Guest writer for "The NZDream" blog


My father had fourteen brothers and sisters, seven of each gender. One of my aunts lived out on a long dirt road in Huntington Beach Ca. If it rained, you couldn't get to her house without a four-wheel vehicle.

She had run off with the milkman and had not been seen for a year or so at one point. But that is a different story.

We went to visit her as often as possible after she was finally relocated. She was pregnant, of course.

I had thirty-two first cousins that I know of. When the family got together, it was a real big deal.

My father always carried his gun in the car under the seat.

My middle brother was around fourteen at this time and he decided to show the gun off to our cousins on this particular visit. He held it in his hand and showed it to all of us for a real good look. It was a nice large.45 pistol. Like the cowboys used out west.

My aunt leased her ten acres out to an alfalfa farmer. He was out riding his tractor in the field as we gathered together to play and visit on this beautiful day.

My brother placed the gun on a fence post nearby and tracked the farmer with the gun for some time as we all watched in wonder.

We were all younger and had no idea that this was a bad thing. We were just kids and watching the gun fascinated us.

At some point, my brother took the gun off of the fence post to return it to the car and it went off in the direction of my aunt's house just across the narrow dirt road as he brought it down.

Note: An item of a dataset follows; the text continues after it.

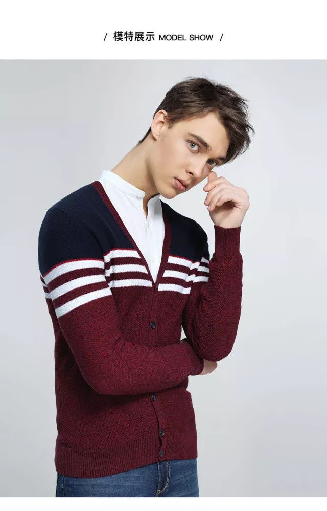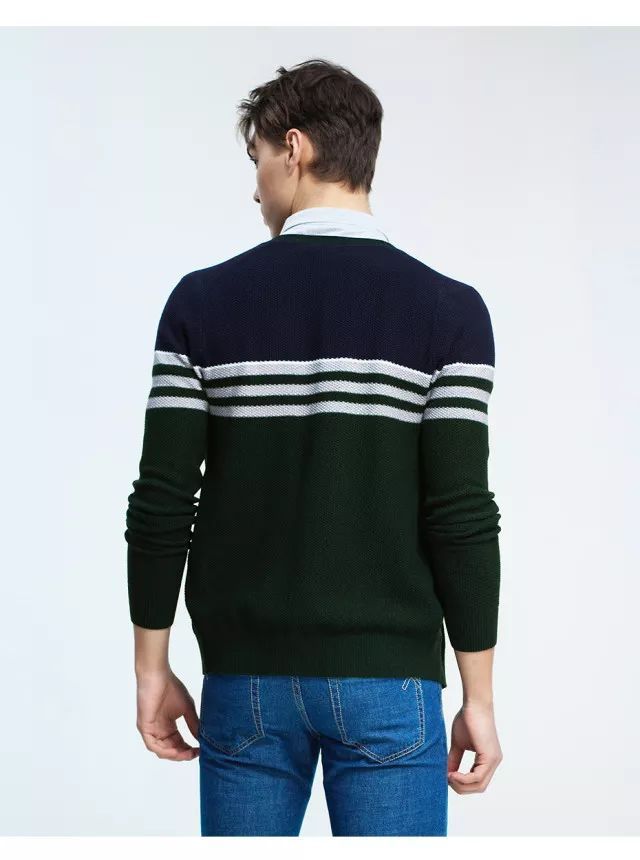 100%棉面料,富有手感,柔软细腻;12针针织数,厚度适中,穿着舒适;V领设计,修饰颈项,展示迷人魅力;罗纹袖口与下摆,持久耐穿;条纹织花,点缀衫身,丰富视觉,时尚感十足.

My aunt's house was barely a house. It was nothing more than a cardboard shack covered in asbestos shingles. The bullet had no difficulty passing through the laundry porch, kitchen, and living room and out into the field behind the house. The house was really just an old beach shack with a well and the tall windmill that goes with that type of country setup, but it was her home.

The bullet passed clean through the entire house above the heads of many of my uncles and aunts. The dust and flakes of asbestos shingles rained down upon the gathering to their surprise and anguish. They were up and running outside in a flash to check on all the kids.

The farmer was unharmed, thank goodness.

My brother and my father had a chat and my brother learned not to handle the gun without an adult present at all times. That was the lesson to be learned at that moment, or just be careful when handling the gun and the parents will know nothing about it.

My father taught us all how to handle guns of all sorts, and I am glad for that. We used them together as a family often and no one was ever injured.

That same gun saved my family from disaster more than once. A gun can be a good thing to have in time of need. It's better to have one and not need it than to need one and not have it.